Зачем мне нужно убедиться, что мой код работает с другими компонентами?

Хорошим примером может служить архитектура микросервисов. Обычно микросервисы управляются в разных проектах, где каждый микросервис имеет свой собственный репозиторий с пайплайном. Кроме того, очень часто каждая команда разработчиков несёт ответственность за отдельные микросервисы и конфигурации пайплайнов. Как программист, вы возможно захотите убедиться, что изменения в вашем коде не нарушают функциональность зависимых от него микросервисов. Поэтому вы можете запускать тесты на них дополнительно к тестам для вашего проекта.

Пайплайн кросс-проекта

При запуске пайплайна проекта, вам также нужно будет запустить кросс-проектные пайплайны, которые в конечном итоге развернут и протестируют последнюю версию всех зависимых микросервисов. Для достижения этой цели вам нужен простой, гибкий и удобный способ запуска других пайплайнов в рамках CI вашего проекта. GitLab CI/CD предлагает легкий путь запуска кросс-проектного пайплайна путем добавления специального задания в файл конфигурации CI.

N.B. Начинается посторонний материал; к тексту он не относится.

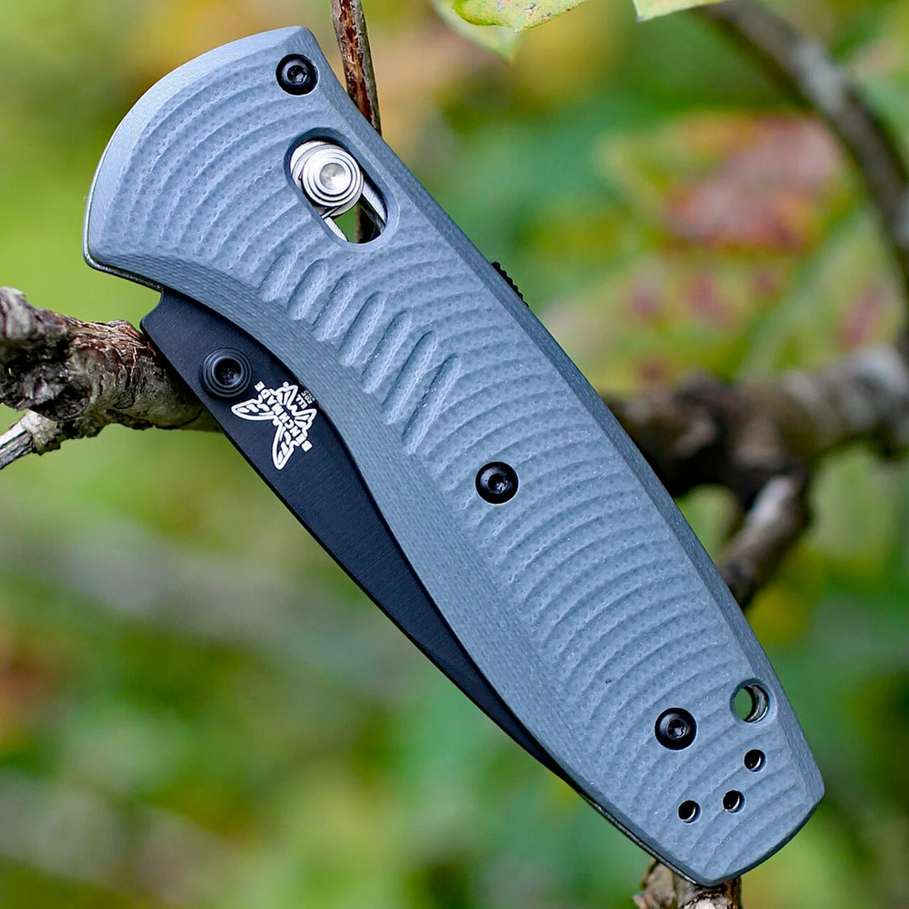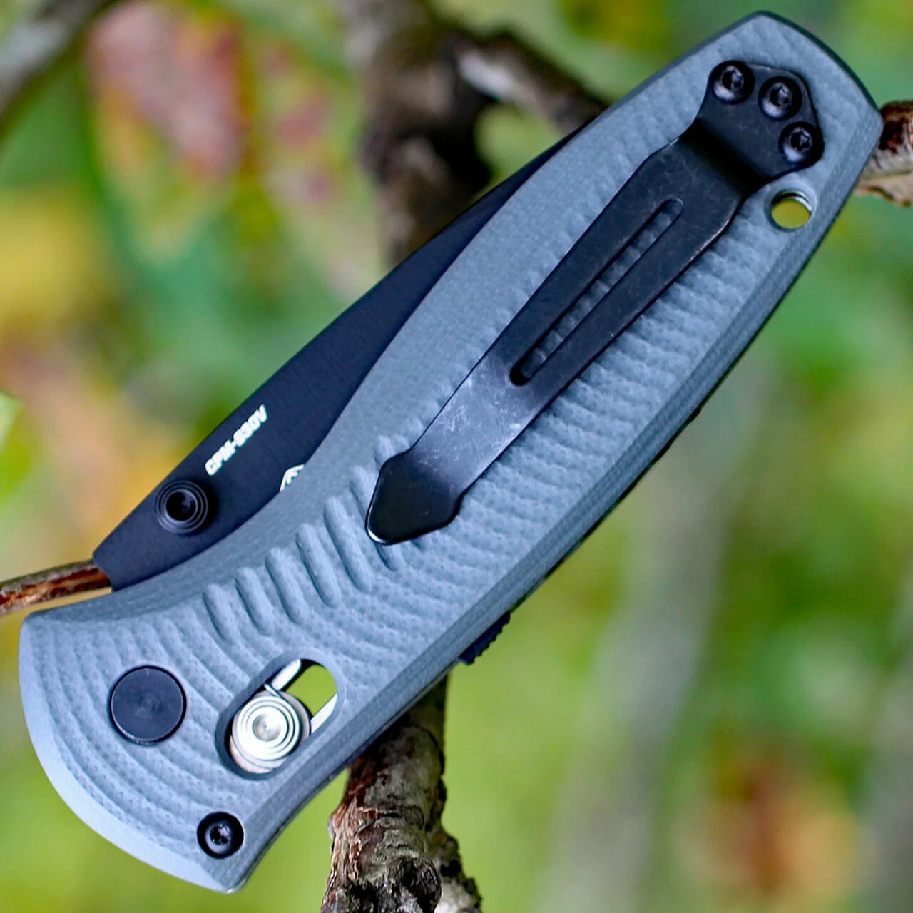 The original AXISAssist now with G10 handles. The Barrage knives were the first folders with both an AXISlock and a spring assist.The AXIS lock is generally considered the strongest locking mechanism available on a folding knife. By adding a spring assist, Benchmade gives the user two great featuresspeed (with the assist), and strength. The Gray G10 enhances the look and feel and upgraded blade steel offers enhanced edge performance. The same awesome mechanism with a new look and feel and a performance upgrade now comes with a black steel backspacer. Whats not to like?
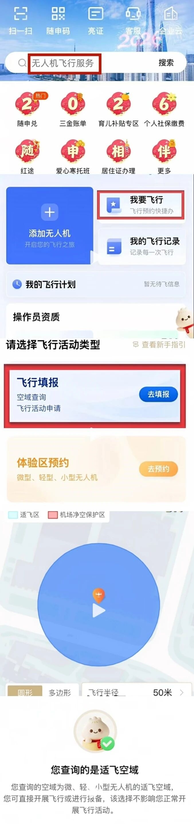 在服务页面看实时空域图:绿色是适飞区!每次起飞前都建议查一下,避免临时管控!

GitLab CI/CD конфигурационный файл

Добавление job для запуска кросс-проектного пайплайна

Начиная с GitLab 11.8, GitLab предоставляет новый синтаксис конфигурации CI/CD для запуска кросс-проектных пайплайнов, его можно найти в правилах конфигурации пайплайна. Следующий код иллюстрирует настройку bridge job для запуска нисходящего пайплайна:

В приведенном выше примере, как только deploy job (задача развертывания) на этапе деплоя выполнится успешно, запустится задание для Android bridge. Его первоначальный статус будет в ожидании. GitLab создаст нисходящий пайплайн в проекте mobile/android, и, как только он будет создан, Android job выполнится успешно. В этом случае mobile/android является полным путем к этому проекту.

Пользователь, создавший вышестоящий пайплайн, должен иметь права доступа к нижестоящему проекту (в данном случае mobile / android). Если нижестоящий проект не может быть найден или у пользователя нет прав доступа для создания там пайплайна, Android job получит статус failed.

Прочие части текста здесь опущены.